Task data >>
※ ※ ※

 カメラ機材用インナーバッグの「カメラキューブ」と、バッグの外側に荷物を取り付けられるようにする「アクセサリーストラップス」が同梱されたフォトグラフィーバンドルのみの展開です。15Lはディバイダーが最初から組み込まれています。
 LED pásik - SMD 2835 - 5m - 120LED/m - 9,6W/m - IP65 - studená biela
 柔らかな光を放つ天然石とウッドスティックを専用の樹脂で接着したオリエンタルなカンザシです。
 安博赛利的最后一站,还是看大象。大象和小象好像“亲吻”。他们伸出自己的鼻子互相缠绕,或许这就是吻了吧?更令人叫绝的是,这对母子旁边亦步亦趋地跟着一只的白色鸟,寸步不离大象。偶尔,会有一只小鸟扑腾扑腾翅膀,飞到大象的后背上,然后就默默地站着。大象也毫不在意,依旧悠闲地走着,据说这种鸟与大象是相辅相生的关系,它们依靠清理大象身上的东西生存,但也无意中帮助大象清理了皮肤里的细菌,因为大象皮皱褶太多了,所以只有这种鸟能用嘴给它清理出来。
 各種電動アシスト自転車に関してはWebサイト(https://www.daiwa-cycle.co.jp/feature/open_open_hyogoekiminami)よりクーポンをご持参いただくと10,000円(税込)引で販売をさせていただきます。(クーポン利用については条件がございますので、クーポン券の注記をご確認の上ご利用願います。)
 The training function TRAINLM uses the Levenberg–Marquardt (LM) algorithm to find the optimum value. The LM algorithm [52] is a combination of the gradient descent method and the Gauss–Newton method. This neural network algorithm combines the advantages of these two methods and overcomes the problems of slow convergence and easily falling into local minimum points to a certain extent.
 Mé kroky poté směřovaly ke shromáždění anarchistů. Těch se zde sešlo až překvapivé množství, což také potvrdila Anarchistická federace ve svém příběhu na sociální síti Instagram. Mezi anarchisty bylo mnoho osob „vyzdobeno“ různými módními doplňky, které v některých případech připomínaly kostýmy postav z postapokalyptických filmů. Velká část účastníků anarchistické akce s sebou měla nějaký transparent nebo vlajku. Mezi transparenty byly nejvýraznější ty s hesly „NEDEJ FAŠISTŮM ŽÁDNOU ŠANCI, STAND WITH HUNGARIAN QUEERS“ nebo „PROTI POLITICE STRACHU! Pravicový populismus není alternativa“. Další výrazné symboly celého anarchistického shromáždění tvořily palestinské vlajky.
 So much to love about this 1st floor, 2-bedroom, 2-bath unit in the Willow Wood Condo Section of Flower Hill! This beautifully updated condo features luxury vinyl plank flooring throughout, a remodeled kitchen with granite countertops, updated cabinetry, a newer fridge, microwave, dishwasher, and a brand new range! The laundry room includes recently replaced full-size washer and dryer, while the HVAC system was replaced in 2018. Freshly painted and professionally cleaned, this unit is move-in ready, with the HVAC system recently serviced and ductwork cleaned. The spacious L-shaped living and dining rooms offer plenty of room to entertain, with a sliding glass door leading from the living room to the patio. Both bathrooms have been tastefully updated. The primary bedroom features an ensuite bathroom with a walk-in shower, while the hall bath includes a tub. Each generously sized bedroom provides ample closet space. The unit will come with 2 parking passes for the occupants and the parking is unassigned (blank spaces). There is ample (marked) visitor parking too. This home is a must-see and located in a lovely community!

※ ※ ※

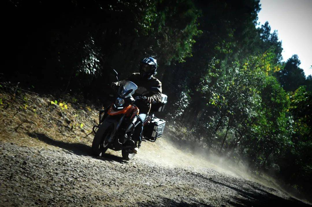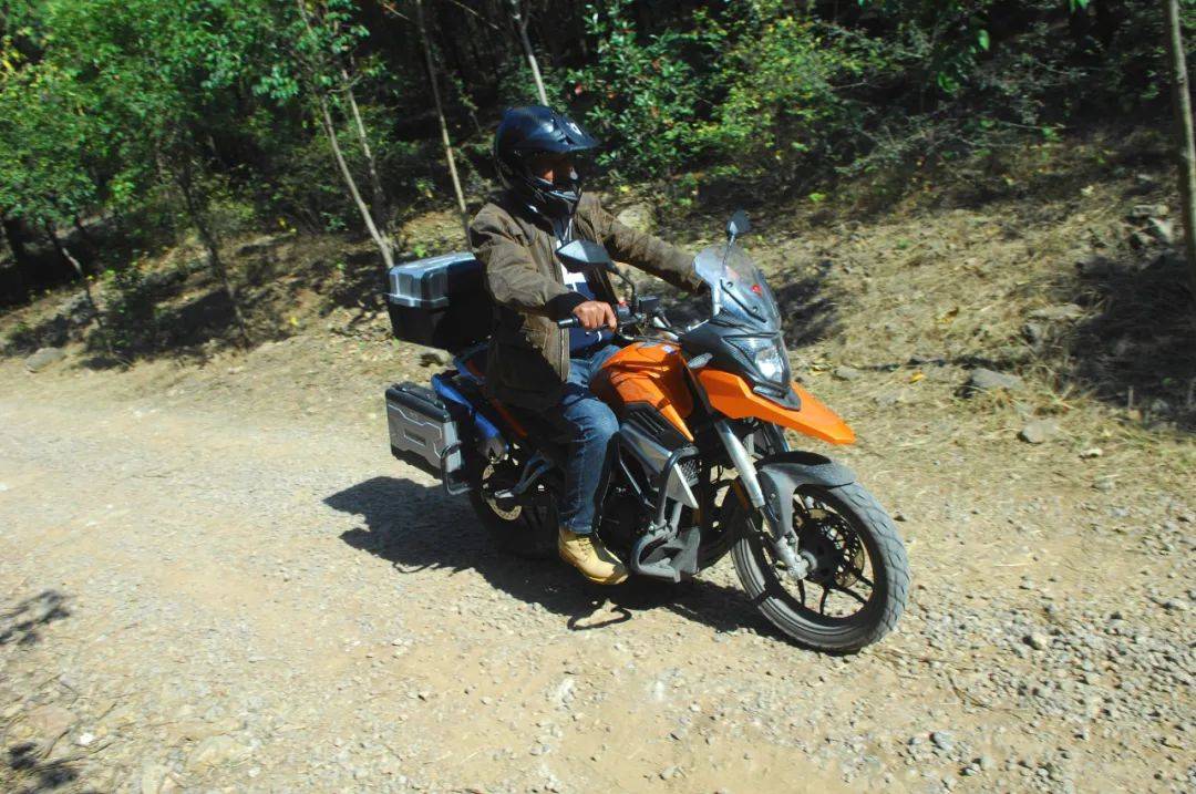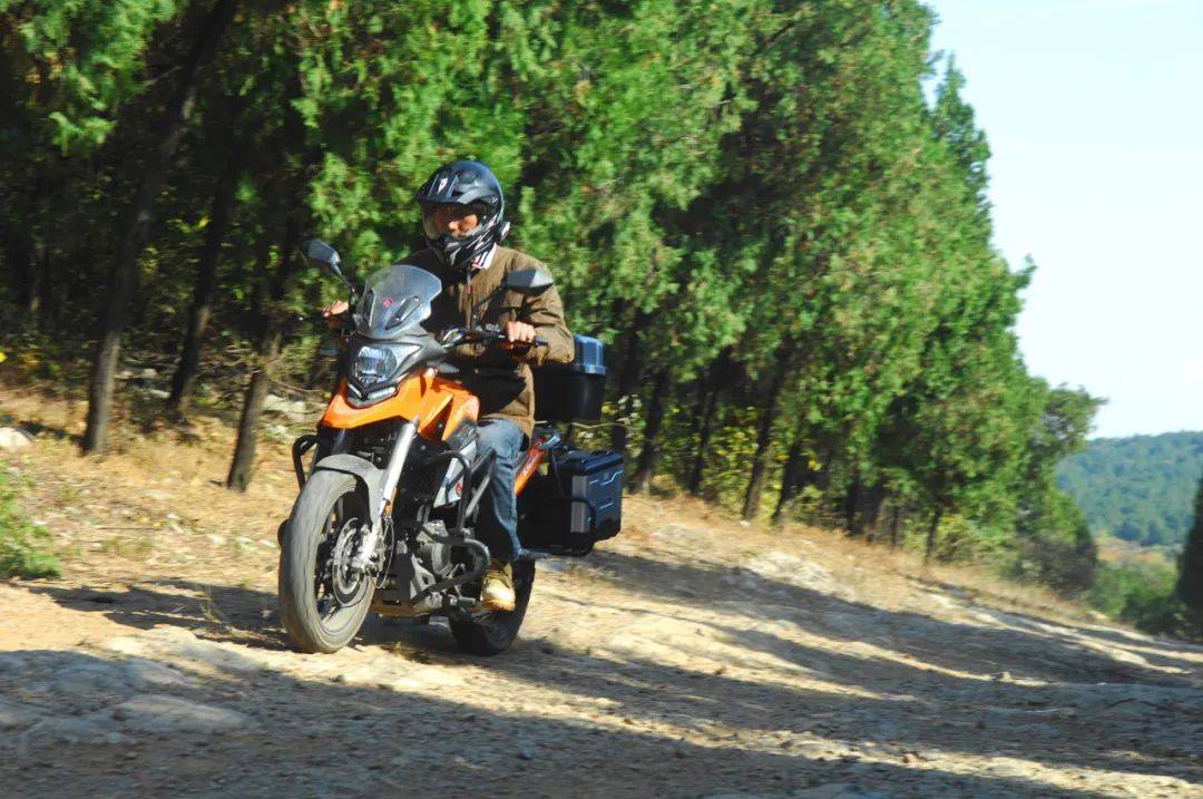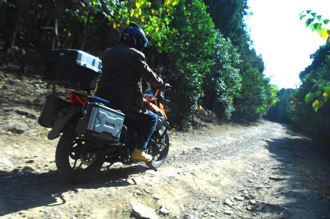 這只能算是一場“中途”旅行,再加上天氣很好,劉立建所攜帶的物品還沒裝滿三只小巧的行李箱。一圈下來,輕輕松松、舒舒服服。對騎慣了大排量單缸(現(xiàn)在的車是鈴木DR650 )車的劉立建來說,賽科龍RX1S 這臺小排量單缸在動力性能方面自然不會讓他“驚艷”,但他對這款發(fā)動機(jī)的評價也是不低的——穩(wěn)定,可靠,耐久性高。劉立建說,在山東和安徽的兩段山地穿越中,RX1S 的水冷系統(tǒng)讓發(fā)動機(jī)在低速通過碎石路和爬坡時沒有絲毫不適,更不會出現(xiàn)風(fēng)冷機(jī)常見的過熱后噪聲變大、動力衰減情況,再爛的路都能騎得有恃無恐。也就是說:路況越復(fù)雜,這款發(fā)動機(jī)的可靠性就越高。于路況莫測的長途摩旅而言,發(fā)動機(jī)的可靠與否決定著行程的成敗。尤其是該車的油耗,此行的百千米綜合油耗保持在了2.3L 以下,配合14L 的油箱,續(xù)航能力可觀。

※ ※ ※

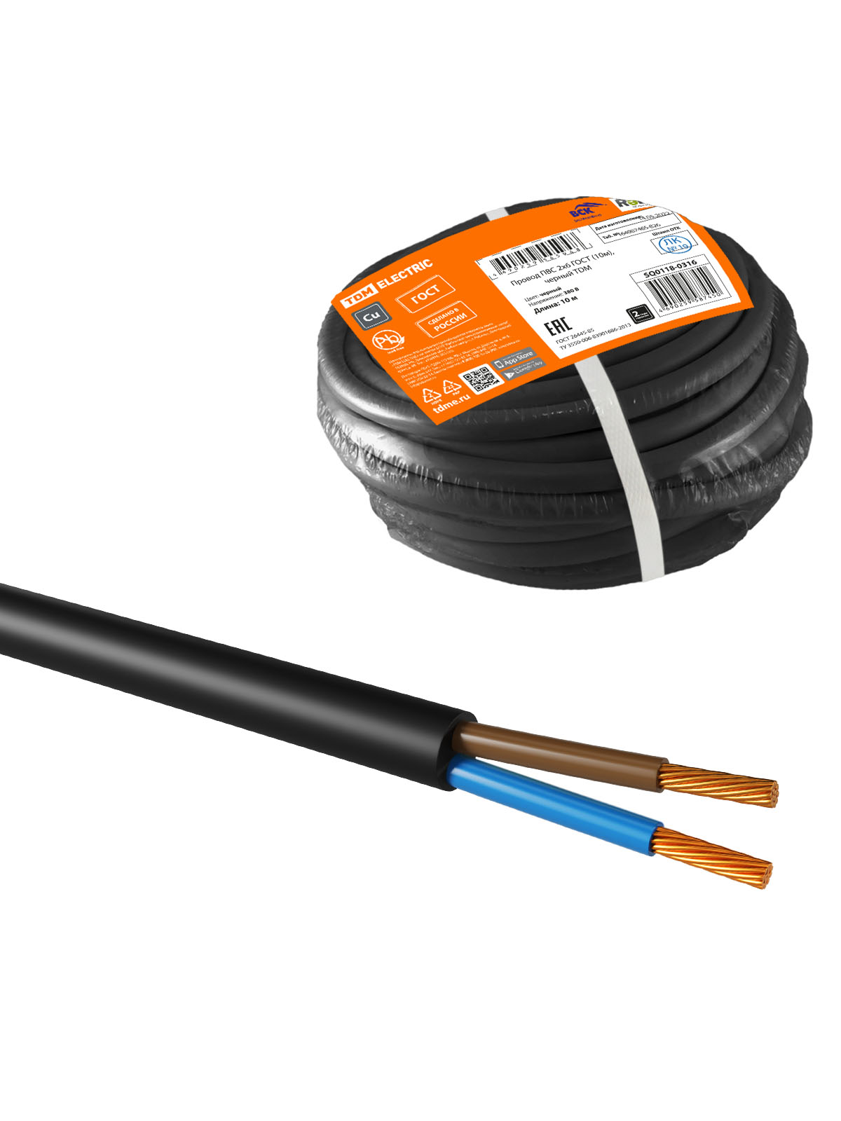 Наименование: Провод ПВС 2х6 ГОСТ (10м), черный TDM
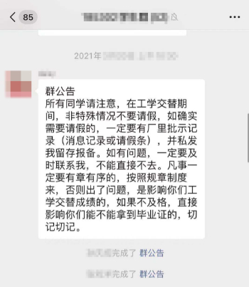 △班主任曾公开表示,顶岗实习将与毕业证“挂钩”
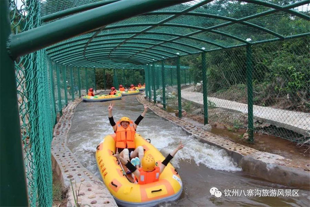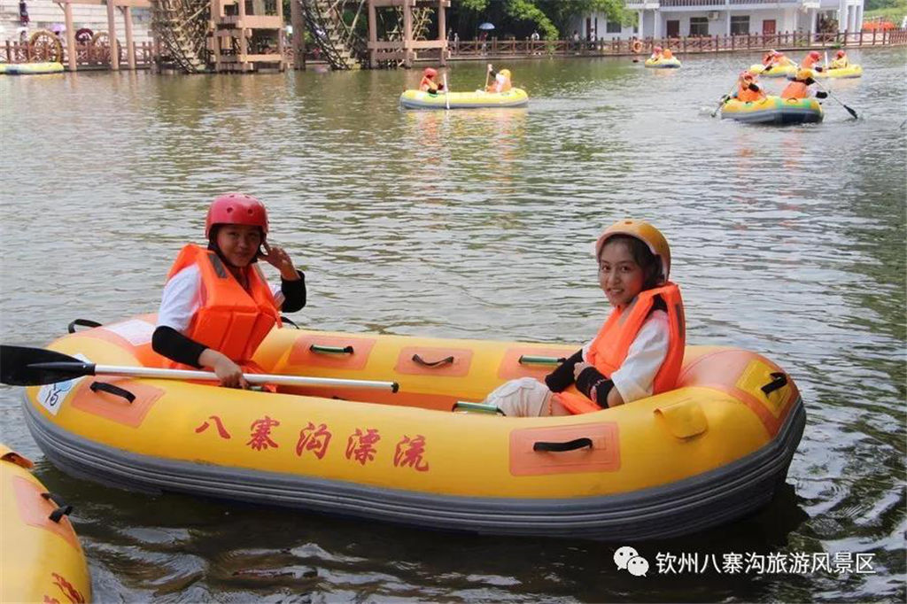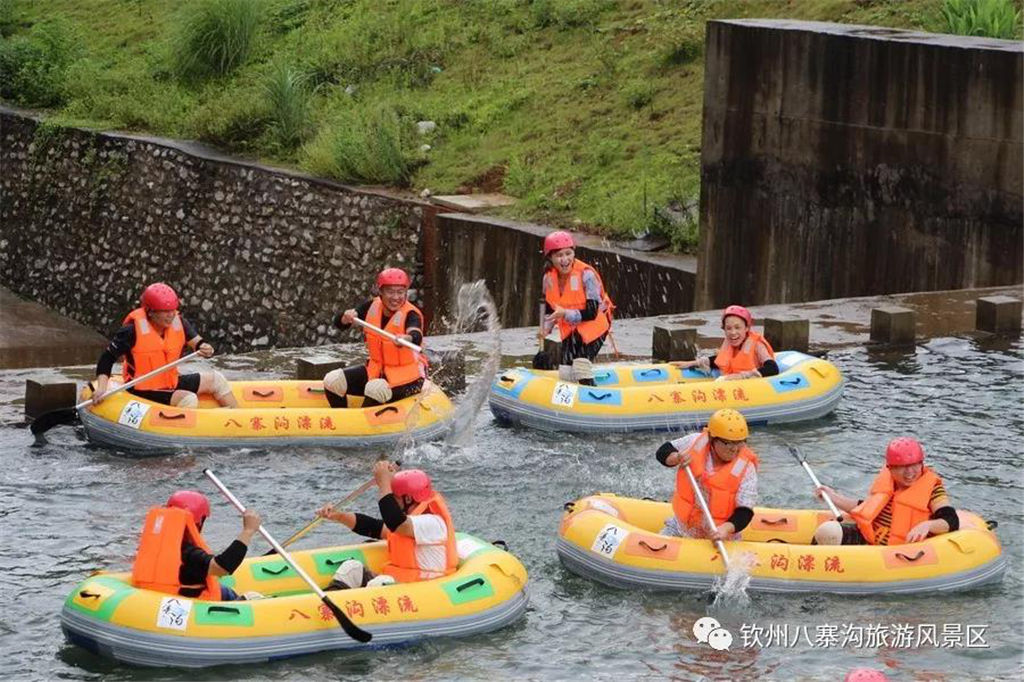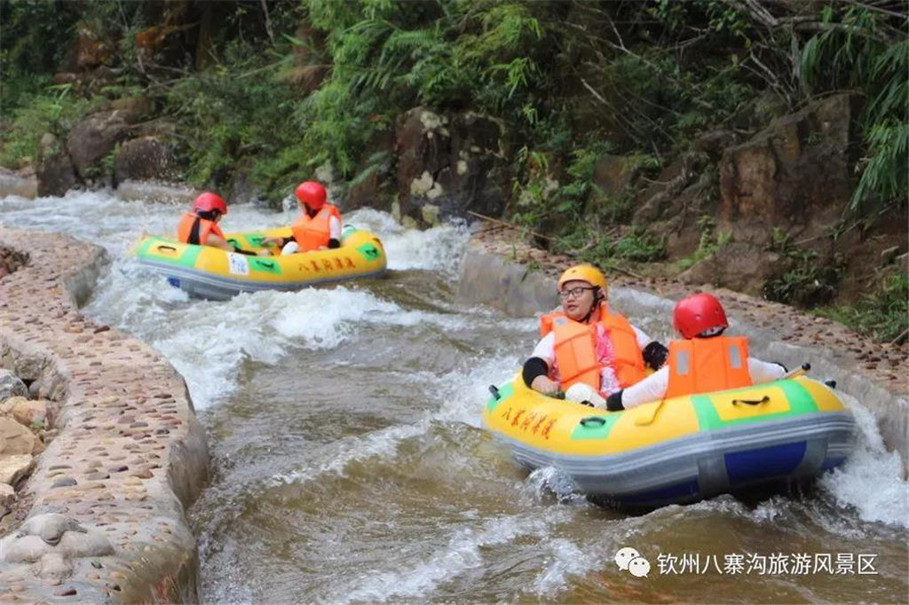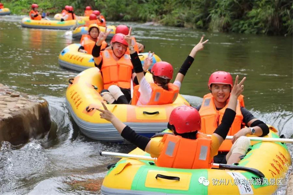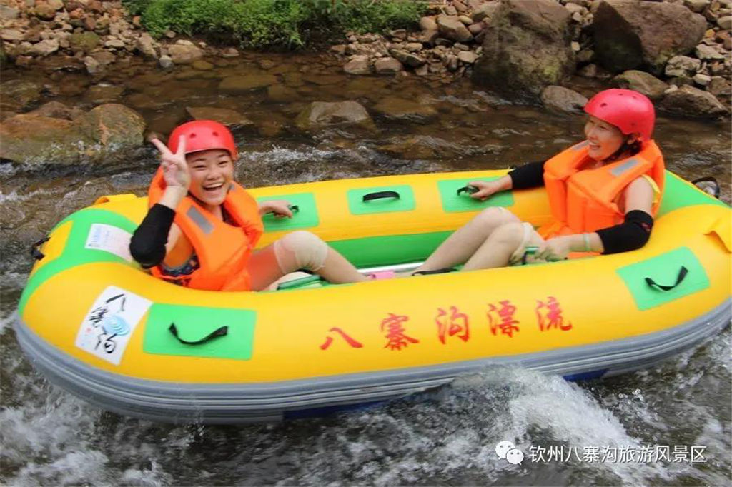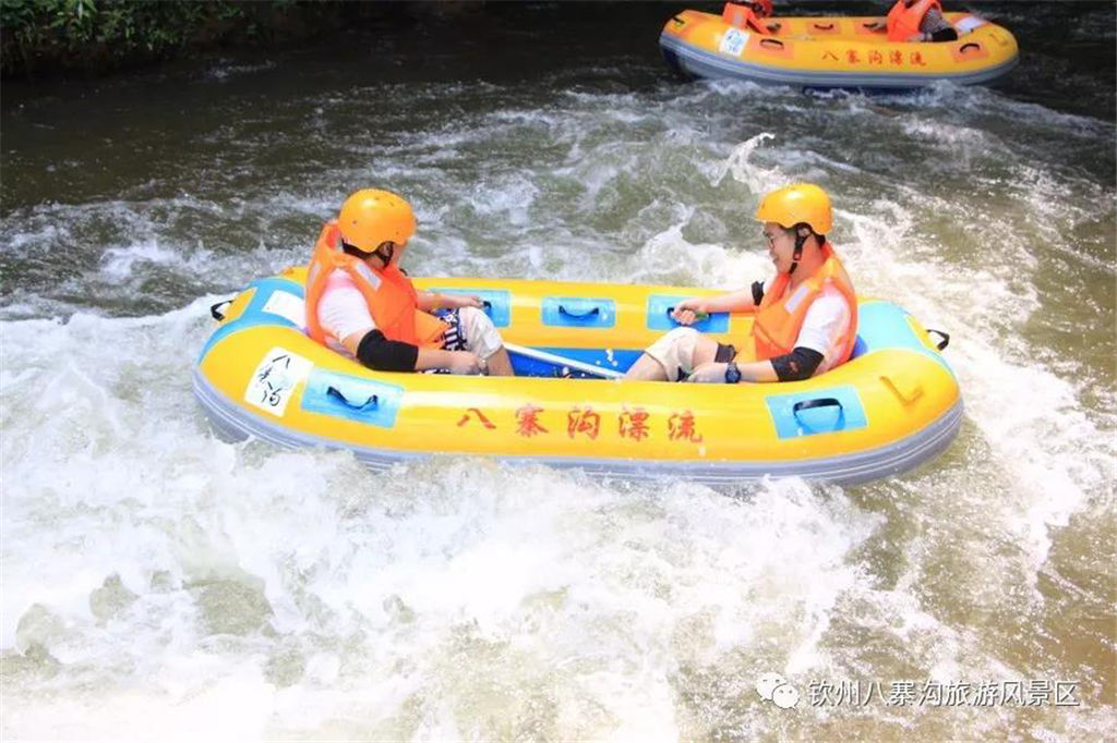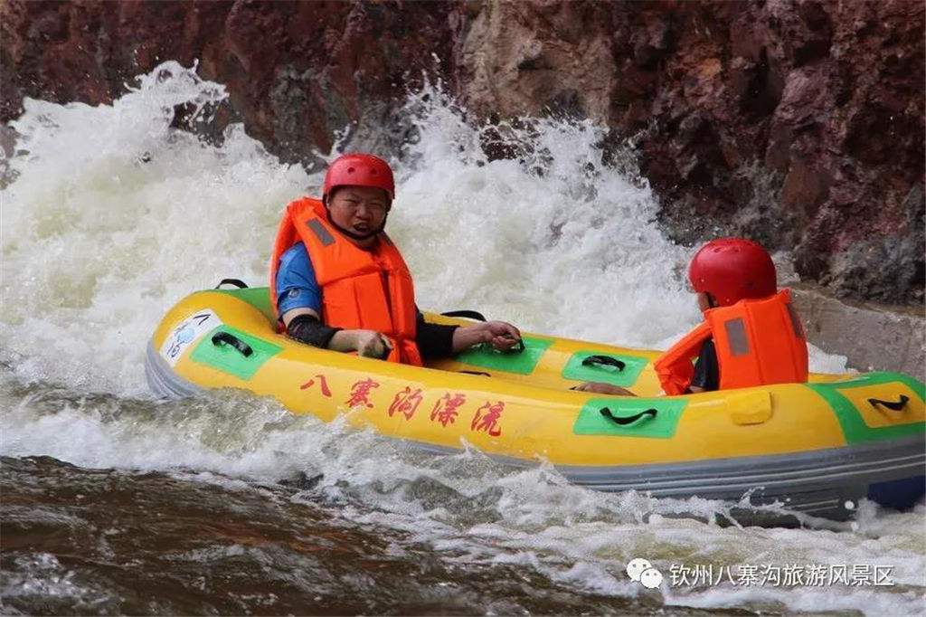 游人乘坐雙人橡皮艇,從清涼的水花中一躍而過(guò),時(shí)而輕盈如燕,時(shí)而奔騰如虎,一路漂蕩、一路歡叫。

※ ※ ※

Work task >> From the listing above, the lines starting with the one that has "各種電動アシスト自転車に関し" and running through the one that has "Mé kroky poté" should be copied exactly, ends included.

The answer >>
 各種電動アシスト自転車に関してはWebサイト(https://www.daiwa-cycle.co.jp/feature/open_open_hyogoekiminami)よりクーポンをご持参いただくと10,000円(税込)引で販売をさせていただきます。(クーポン利用については条件がございますので、クーポン券の注記をご確認の上ご利用願います。)
 The training function TRAINLM uses the Levenberg–Marquardt (LM) algorithm to find the optimum value. The LM algorithm [52] is a combination of the gradient descent method and the Gauss–Newton method. This neural network algorithm combines the advantages of these two methods and overcomes the problems of slow convergence and easily falling into local minimum points to a certain extent.
 Mé kroky poté směřovaly ke shromáždění anarchistů. Těch se zde sešlo až překvapivé množství, což také potvrdila Anarchistická federace ve svém příběhu na sociální síti Instagram. Mezi anarchisty bylo mnoho osob „vyzdobeno“ různými módními doplňky, které v některých případech připomínaly kostýmy postav z postapokalyptických filmů. Velká část účastníků anarchistické akce s sebou měla nějaký transparent nebo vlajku. Mezi transparenty byly nejvýraznější ty s hesly „NEDEJ FAŠISTŮM ŽÁDNOU ŠANCI, STAND WITH HUNGARIAN QUEERS“ nebo „PROTI POLITICE STRACHU! Pravicový populismus není alternativa“. Další výrazné symboly celého anarchistického shromáždění tvořily palestinské vlajky.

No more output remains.